Six Mexican wolves born on April 7, 2019, in captivity at the Endangered Wolf Center in Eureka, Missouri, were taken to live with packs in Arizona and New Mexico.
(Rachel Crosby/Endangered Wolf Center via AP)
The six newborn pups are placed into packs that had litters about the same time.The foster programs increases genetic diversity in the species of which only 150 remain in the wild.Three wild pups were returned to the Endangered Wolf Center to be fostered by captive parents.
Six critically endangered Mexican wolf pups born in captivity have been placed in packs in the wild in Arizona and New Mexico.

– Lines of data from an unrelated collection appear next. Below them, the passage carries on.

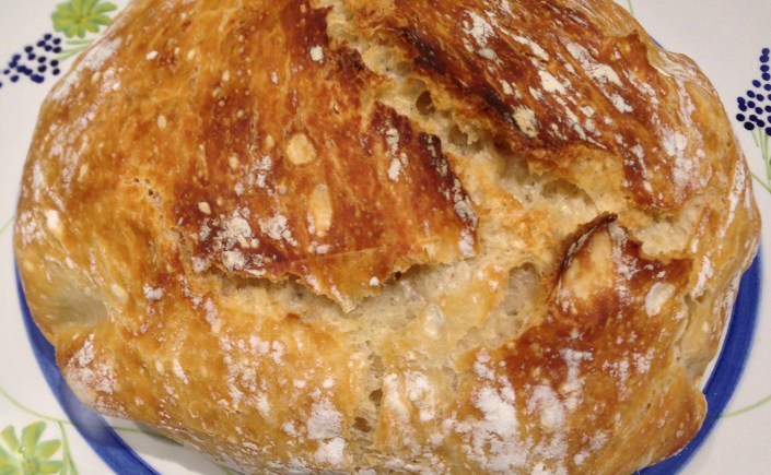 Take a silicone brush and lightly coat the bottom and sides of the skillet. You really don’t want a lot of oil sitting on the bottom. That will give you a greasy crust. And make sure you use a good quality olive oil. I used a garlic infused olive oil when I made the rosemary parmesan bread and a mild flavored premium olive oil for the cranberry walnut bread. If you don’t overdo the oil the crust will have just the right amount of crispiness and will taste heavenly. Just make sure you use a good olive oil. I prefer the crust in this method compared to the crust you get when using an enameled cast iron dutch oven (in the process you do not oil the pan). That crust, to me, is a little tougher. But don’t get me wrong, both methods produce wonderful bread.
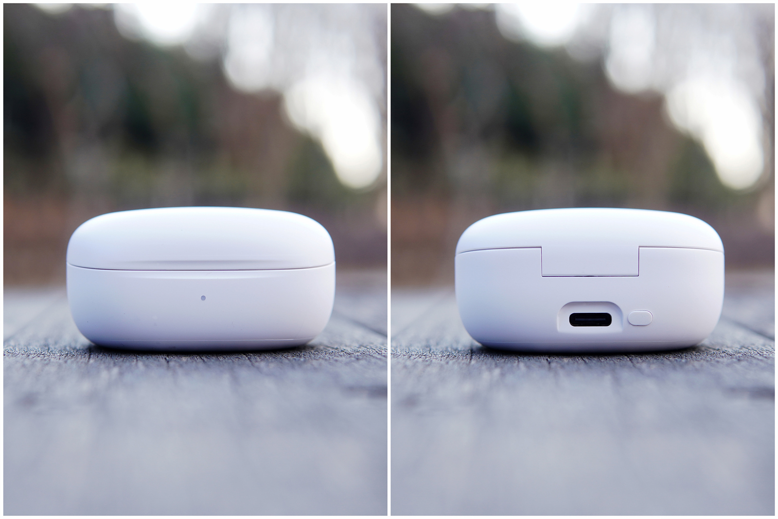 케이스 앞쪽에는 현재 상태를 확인할 수 있는 LED가 있으며 뒤쪽으로 Type-C 충전포트와 페어링 기능을 담당하는 멀티 펑션 버튼이 있습니다. (2초간 누르면 페어링 모드로 진입합니다.)
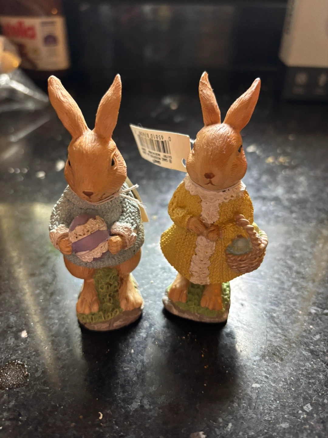 Set of two decorative Easter bunny figurines. One bunny holds a speckled egg, and the other carries a basket filled with small eggs. Both wear charming outfits, adding a festive touch to your spring decor. These figurines are perfect for your Easter celebrations! In excellent condition!

Having the 11-day-old pups fostered by wild parents increases the number of Mexican wolves in the wild and , according to a news release from the Endangered Wolf Center, which runs the fostering program.
"It is literally vital for this particular population," Regina Mossotti, director of animal care and conservation at the Endangered Wolf Center, told the Associated Press on Thursday. "When you're talking about 150 animals left in the wild, genetics plays a crucial part in whether that recovery effort is successful or not."
In the 1970s, because of hunting and habitat loss, the number of Mexican wolves fell to seven. Those wolves were captured by the U.S. Wildlife Service and put into managed care programs for breeding and recovery.
Captive-born wolves were first returned to the wild in Arizona and New Mexico in 1998, according to the Endangered Wolf Center. Now the population has grown to 150, including about 20 in Mexico.
This is one of the six Mexican wolves born on April 7, 2019, in captivity at the Endangered Wolf Center in Eureka, Missouri, that were taken to live with packs in Arizona and New Mexico.
(Rachel Crosby/Endangered Wolf Center via AP)
Timing plays a key role in fostering wolf pups. The captive packs and the wild packs have to have litters within a few days of each other, and the placement has to happen before the pups are 14 days old so that the foster mothers accept the new pups.
“Everything has to line up … the stars, the sun, the moon, and the planets all have to align to make a foster happen,” Mossotti said.
Vera and Mack had a litter of nine pups at the center in Eureka, Missouri, on April 7. The Prime Canyon Pack in Arizona and the Frieborn Pack in New Mexico had litters at the same time.
Mossotti and two colleagues, Erin Connett and Rachel Crosby, flew six of Mack and Vera's pups — three male and three female — to Arizona on April 18, AP reported.
Regina Mossotti, left, director of animal care and conservation at the Endangered Wolf Center, and U.S. Fish and Wildlife biologists Cyrenea Piper, center, and Allison Greenleaf prepare Mexican wolf pups born in captivity at the center to be relocated to wolf dens along the border of Arizona and New Mexico.
(Rachel Crosby/Endangered Wolf Center via AP)
With help from Arizona Game and Fish and the U.S. Fish and Wildlife Service, the women got the wolves to their new homes.
One female pup was left with a litter of seven pups in Arizona. The five remaining pups were taken to a pack in New Mexico that already had six pups. To avoid overburdening the mom, three of the wild pups were taken back to the Endangered Wolf Center to be fostered by Vera and Mack.
Mossotti said the wild mothers appear to have accepted the new pups.
"They get a bad rap," she said. "We're used to seeing on TV the 'big bad wolf,' the big scary animal, which ironically is the opposite of what they are in real life."